If I had to guess, I'd assume that speerrituall1 is just leery of any guy who already has 6 kids with 3 other women. What were his relationships like with these other women? Why did he leave them? She's probably thinking that he will just do the same thing to you... And 6 kids?! Was he trying to have the kids or does he just not know how to use birth control? I can understand birth control failing once or twice, but 6 times? And if he tried to have kids with 3 different women and soon left them all (since I'm assuming that he is as young as you I doubt he's old enough to have stayed with the women for a long time), well, that sounds like trouble to me...

Now I'm not trying to judge you or him, maybe you guys will find something together that he never found with the other women, but if past behavior is any indication of future behavior I would be worried!

EDITED TO ADD: As for why his ex's wouldn't want to meet you, well, I don't think most girls are interesting in meeting their ex-bf's new gf!
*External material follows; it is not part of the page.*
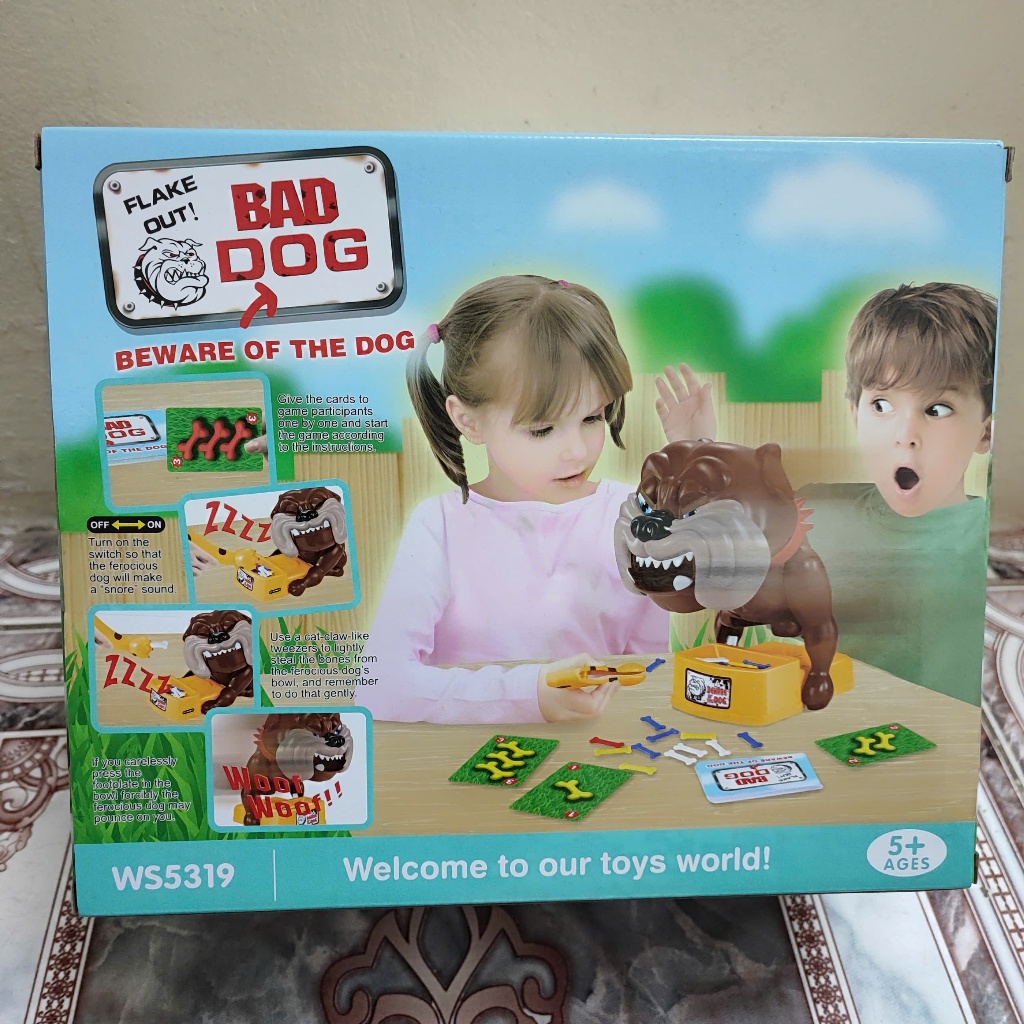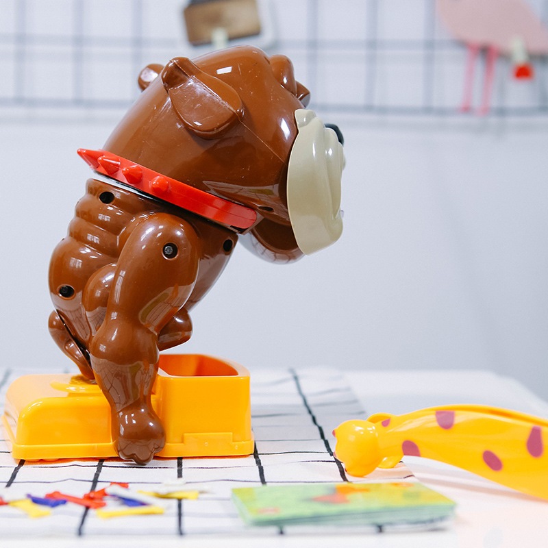– Đồ chơi gồm: 1 con Bulldog, xương với 4 màu xanh trắng vàng và đỏ, 1 bộ thẻ rút xương, 1 khay đựng xương, 1 cái gắp xương.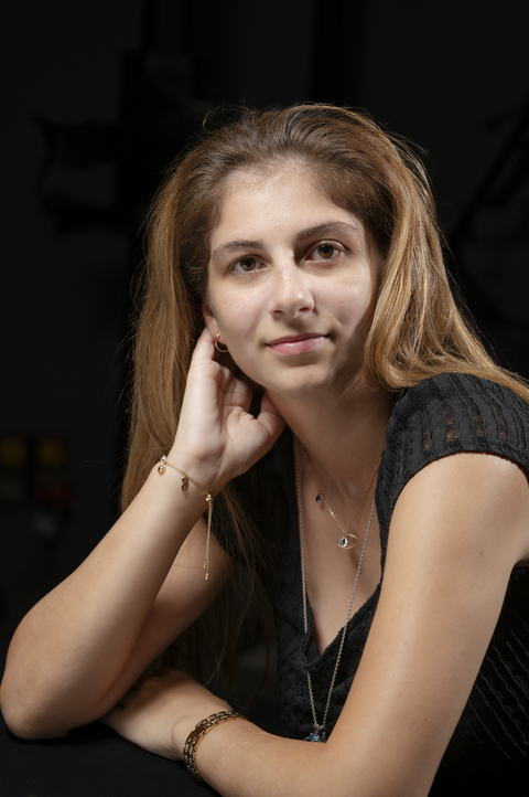 The lights of a Christmas tree, are always make a good background for a portrait.

All sorts of jealousy and emotional issues there, and then throw kids into the mix and that probably just intensifies those feelings! And maybe they are expecting your bf to leave you like they left them, so they don't really want to get involved with you if they don't think you'll be involved with him for very long... Just speculating!


----------



## VenusGoddess (Sep 8, 2006)

All I know is that if Joe and I separated and he started seeing other women, I would not allow any of them to meet my kids until I KNEW it was "lasting". The last thing you do is allow men/women to parade in and out of the children's life.

How long have you two been together? And, just because you want to meet someone's kids doesn't mean that you have the right to.

I have to agree with Speerritual about the "quality" of guy...a man who has 6 children with 3 different women and is not currently involved with any of them is someone who has committment problems...at the least. I would think long and hard about allowing a man to become "permanently" attached to you (by way of kids) with his kind of track record.


----------



## angel_eyes4evah (Sep 8, 2006)

I agree with everyone above....a guy w/ 6 kids, what does that say about him? Girl you dont want no baby mama drama! I'm with the other ladies on this......can you see yourself marrying him and having kids if he already has 6?.......hunny you are in for some heartbreak, stress, and god no's what else if you keep this up. Hey but thats just my opion, but I strongly believe the other girls will agree w/ me.


----------



## lovesboxers (Sep 8, 2006)

I agree with what venusgoddess said. Frankly if the father of my kids had more out there with 2 other women there seems to be a pattern and I would not want my children's father's "woman of the moment" (by no way am I trying to diminish anything you may have with him just stating how it looks from a mothers pov) coming in and out of their lives. These other mothers have no idea if you will really be sticking around for the long haul-- I am sure the other women who have had children with him figured they were in it for the long haul too.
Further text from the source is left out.